Multi-Tier Model Serving Architecture

A production-grade ML serving architecture for a high-traffic recommendation or classification system typically consists of three tiers:

  • Tier 1 — Edge cache / CDN: Cache deterministic predictions (same user + same context = same output) at the CDN edge. Cache hit rates of 20-40% are common for recommendation systems, providing sub-millisecond responses for cached results and dramatically reducing model server load.
  • Tier 2 — Application server + feature retrieval: Fetches user and item features from the online feature store (Redis/DynamoDB) and routes to the model server. Adds circuit breaker logic and fallback responses. Handles authentication, rate limiting, and request logging.
  • Tier 3 — Model server cluster: Horizontally scaled FastAPI or Triton instances behind a load balancer. Auto-scales based on request queue depth and GPU utilisation.

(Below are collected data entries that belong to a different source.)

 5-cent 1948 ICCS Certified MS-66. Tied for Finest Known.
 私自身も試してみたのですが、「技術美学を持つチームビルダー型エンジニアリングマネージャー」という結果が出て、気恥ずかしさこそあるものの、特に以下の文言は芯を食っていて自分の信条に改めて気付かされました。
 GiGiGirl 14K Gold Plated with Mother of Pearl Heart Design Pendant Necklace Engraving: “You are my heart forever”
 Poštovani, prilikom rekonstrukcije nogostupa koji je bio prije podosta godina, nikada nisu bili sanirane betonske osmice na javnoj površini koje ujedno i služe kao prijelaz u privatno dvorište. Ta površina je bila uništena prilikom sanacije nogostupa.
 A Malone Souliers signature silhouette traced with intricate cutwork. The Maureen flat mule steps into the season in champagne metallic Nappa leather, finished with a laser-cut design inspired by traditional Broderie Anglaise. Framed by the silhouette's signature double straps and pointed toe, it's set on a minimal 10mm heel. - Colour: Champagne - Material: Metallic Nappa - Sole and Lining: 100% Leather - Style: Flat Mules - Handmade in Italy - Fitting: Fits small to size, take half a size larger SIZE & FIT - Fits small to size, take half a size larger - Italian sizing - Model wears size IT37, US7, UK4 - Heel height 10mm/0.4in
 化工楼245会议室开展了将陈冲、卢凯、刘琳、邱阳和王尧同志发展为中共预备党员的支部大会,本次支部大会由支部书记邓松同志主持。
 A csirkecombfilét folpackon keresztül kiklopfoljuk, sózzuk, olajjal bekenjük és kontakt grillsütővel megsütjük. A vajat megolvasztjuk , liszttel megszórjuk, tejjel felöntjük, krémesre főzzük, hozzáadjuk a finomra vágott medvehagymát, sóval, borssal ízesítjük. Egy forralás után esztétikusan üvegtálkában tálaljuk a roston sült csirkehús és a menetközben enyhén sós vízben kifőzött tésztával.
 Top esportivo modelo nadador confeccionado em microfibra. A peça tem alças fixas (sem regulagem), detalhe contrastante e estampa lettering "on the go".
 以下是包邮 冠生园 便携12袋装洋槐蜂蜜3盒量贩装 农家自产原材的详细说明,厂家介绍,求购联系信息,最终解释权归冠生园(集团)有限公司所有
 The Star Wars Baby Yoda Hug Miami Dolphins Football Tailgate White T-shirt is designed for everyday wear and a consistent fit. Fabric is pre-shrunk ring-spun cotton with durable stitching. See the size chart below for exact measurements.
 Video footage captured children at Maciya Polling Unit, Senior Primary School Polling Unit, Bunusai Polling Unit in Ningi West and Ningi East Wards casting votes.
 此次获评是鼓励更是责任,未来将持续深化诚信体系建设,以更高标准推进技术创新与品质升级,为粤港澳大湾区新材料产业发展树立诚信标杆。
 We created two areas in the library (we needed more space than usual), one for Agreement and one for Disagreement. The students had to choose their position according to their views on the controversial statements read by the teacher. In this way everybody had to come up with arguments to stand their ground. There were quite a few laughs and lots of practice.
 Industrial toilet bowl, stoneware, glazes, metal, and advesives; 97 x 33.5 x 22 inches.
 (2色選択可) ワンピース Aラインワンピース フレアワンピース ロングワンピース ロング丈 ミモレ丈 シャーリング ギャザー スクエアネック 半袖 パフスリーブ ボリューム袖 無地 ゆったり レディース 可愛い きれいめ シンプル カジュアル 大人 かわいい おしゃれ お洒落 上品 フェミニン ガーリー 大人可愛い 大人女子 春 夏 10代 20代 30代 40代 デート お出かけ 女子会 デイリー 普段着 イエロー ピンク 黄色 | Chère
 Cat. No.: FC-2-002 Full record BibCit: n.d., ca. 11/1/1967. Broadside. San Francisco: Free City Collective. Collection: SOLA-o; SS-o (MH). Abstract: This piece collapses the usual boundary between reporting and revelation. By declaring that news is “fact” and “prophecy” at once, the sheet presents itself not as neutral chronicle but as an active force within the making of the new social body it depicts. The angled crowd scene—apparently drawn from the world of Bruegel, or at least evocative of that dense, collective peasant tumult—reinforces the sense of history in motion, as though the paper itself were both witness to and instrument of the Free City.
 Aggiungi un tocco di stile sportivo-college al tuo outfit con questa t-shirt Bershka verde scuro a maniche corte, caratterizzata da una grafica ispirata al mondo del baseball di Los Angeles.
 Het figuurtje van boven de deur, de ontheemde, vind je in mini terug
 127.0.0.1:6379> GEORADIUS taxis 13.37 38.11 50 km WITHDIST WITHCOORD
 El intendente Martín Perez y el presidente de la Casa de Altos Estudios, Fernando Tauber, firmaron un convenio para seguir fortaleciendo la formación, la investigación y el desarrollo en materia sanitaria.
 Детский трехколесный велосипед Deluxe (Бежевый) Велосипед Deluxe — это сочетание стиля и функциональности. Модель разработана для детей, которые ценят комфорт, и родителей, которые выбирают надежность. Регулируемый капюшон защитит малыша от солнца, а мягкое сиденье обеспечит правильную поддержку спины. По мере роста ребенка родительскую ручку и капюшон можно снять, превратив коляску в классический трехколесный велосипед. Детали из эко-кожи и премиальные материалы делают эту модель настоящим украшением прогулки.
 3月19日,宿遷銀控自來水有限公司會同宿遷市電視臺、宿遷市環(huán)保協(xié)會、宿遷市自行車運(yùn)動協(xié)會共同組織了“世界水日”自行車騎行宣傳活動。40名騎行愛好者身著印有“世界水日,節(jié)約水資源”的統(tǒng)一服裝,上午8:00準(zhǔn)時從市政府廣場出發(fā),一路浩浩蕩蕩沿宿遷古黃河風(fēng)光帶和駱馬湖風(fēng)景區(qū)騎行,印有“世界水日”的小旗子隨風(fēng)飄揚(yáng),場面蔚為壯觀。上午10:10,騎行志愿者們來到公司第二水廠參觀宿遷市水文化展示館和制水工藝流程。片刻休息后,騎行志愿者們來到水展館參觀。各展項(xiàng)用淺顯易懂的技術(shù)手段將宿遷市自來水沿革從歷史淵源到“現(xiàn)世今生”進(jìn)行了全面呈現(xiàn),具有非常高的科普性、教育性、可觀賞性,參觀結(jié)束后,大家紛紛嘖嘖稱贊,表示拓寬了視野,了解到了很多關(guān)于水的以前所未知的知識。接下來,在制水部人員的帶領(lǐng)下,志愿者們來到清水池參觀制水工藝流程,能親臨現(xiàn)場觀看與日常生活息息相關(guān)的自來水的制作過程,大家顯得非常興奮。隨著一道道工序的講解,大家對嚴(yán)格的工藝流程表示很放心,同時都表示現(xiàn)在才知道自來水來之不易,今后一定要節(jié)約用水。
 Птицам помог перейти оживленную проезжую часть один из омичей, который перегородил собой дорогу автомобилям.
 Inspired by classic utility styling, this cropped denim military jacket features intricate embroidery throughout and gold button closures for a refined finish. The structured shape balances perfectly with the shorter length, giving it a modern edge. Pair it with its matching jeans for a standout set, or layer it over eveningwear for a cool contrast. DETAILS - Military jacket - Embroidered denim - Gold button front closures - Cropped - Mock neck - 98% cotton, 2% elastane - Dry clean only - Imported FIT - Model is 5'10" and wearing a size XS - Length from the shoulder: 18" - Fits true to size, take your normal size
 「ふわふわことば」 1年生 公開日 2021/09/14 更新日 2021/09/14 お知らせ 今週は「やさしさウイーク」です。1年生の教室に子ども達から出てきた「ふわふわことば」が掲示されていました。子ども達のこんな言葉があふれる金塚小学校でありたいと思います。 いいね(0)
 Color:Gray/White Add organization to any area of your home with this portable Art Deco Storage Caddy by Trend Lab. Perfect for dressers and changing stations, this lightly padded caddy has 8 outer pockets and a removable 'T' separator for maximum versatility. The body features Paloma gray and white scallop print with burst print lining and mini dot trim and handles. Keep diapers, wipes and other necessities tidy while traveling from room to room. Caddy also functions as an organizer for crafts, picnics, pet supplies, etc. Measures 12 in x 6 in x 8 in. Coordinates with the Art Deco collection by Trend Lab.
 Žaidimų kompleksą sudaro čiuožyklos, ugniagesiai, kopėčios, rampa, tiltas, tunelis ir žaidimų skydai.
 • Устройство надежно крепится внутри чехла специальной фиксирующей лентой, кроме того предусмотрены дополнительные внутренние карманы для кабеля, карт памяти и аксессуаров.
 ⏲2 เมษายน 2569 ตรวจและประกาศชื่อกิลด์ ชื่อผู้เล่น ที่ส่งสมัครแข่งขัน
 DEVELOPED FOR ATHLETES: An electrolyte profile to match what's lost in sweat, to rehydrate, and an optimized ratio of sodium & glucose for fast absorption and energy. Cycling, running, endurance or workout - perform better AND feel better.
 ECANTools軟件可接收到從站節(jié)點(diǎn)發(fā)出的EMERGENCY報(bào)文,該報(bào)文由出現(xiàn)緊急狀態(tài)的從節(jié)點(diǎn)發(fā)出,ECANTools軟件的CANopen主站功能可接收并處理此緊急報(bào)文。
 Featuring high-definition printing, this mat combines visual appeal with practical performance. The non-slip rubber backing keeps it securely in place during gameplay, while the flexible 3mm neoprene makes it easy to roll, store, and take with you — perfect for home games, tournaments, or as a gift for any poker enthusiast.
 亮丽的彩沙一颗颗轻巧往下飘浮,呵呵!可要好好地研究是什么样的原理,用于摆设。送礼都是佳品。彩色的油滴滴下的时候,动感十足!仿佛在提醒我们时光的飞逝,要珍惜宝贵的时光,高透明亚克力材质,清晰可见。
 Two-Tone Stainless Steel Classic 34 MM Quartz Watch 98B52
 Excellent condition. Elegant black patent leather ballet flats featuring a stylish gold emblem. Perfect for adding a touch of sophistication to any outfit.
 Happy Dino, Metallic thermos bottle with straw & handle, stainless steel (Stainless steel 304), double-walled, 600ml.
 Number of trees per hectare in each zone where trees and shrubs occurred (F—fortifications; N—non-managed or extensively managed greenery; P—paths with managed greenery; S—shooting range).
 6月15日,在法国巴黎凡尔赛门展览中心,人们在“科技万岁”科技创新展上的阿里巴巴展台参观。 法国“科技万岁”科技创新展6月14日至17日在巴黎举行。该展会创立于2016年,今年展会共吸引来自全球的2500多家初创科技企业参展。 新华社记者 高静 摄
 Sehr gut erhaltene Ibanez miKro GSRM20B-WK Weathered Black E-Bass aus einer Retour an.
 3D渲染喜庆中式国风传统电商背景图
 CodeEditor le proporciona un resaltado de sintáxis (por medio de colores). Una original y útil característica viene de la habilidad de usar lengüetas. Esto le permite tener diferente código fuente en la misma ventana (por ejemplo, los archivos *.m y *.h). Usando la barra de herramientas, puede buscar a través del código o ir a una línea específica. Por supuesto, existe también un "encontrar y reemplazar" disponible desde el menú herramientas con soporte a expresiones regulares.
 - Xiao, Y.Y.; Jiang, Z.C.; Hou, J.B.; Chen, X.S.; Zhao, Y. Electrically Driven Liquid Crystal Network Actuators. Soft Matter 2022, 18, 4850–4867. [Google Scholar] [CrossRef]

All instances serve the model version tagged "Production" in the MLflow registry. Rolling deployments for zero-downtime updates.

Observability across all three tiers is essential: distributed tracing (using OpenTelemetry + Jaeger) ensures that a slow prediction can be traced back to whether the bottleneck was feature retrieval, model inference, or serialisation. Logging at each tier boundary captures the latency attribution for each stage, enabling targeted optimisation.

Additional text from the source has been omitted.